Благодарим за предоставленный для публикации материал Мишеля Кефели (Франция).

Был ноябрь 1920 года. Белая Армия оставляла Крым. Наше военное училище эвакуировалось из Севастополя. Ждали погрузки. У пристаней широкой запрудой, перемешавшись с подводами и пожитками, стояло хмурое скопище людей с обветренными лицами в шинелях, в бурках, в фуражках, в папахах, в кубанках… Это скопище всё наростало, сбивалось всё теснее, медленно, но упорно подвигаясь к пристаням. Здесь по многим сходням люди лились на палубы пароходов, усеивали их, набивались в трюмы…

Весь день шло это движение – на пароходы!
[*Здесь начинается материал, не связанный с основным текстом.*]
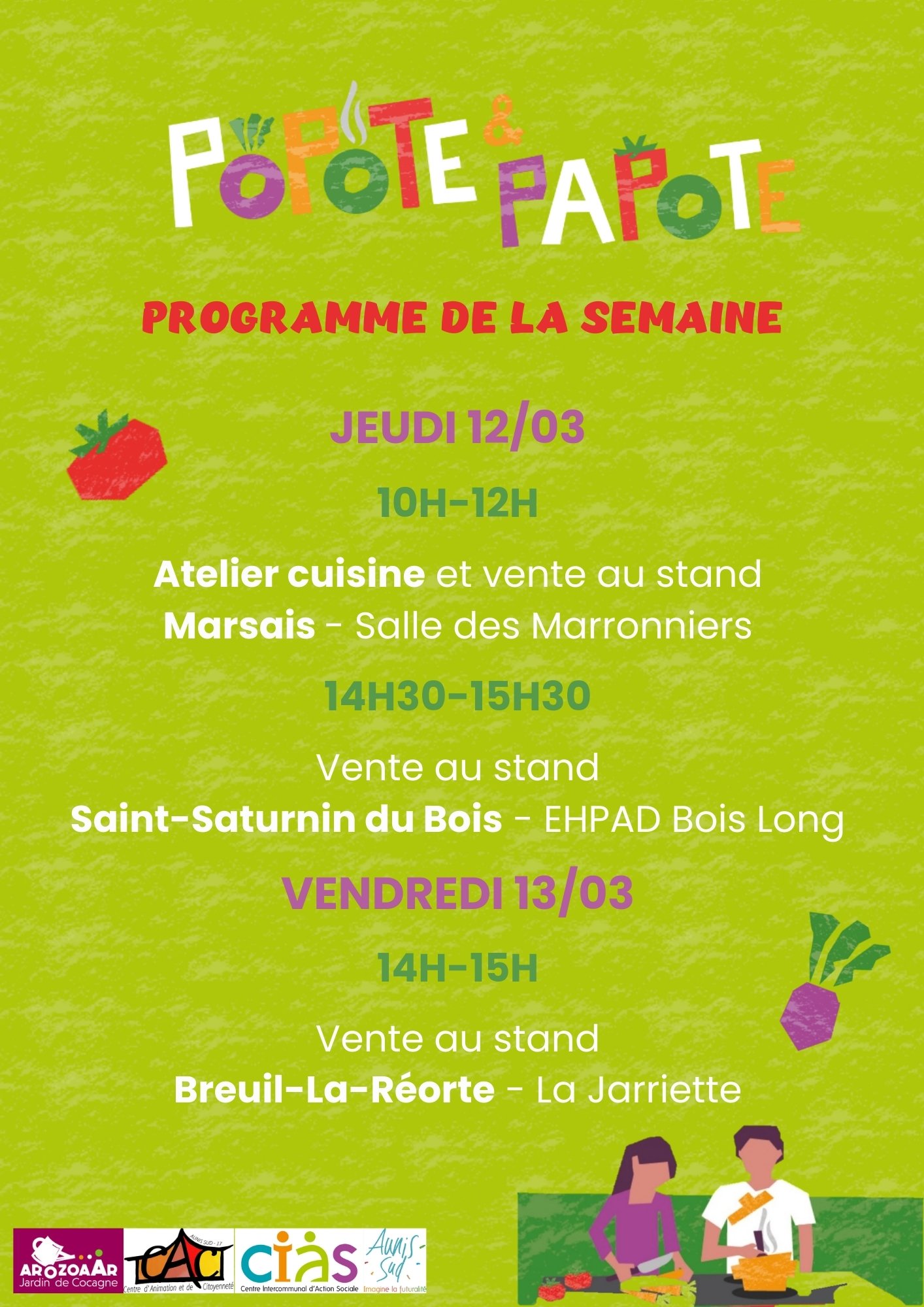 Jeudi : retrouvez Popote & Papote de 10h à 12h salle des Marronniers Marsais Atelier cuisine

Наступившая ночь не остановила упорности и напряжённости этого движения. Тьма только усилила жившую в душах затаённую тревогу, заставляла присушиваться, быть настороже. Отдельные голоса, нёсшиеся из темноты от чёрной массы человеческого месива, отзывались в душе сосущими надрезами. Казалось, что эти голоса, вобрав в себя людскую тревогу и подавленность, несли их дальше с собой и передавали другим. Видное за много вёрст зарево начавшихся накануне пожаров подливало смутную пищу беспокойству, растерянности и тоске. Грохот лебёдок по временам пугал и заставлял вздрагивать…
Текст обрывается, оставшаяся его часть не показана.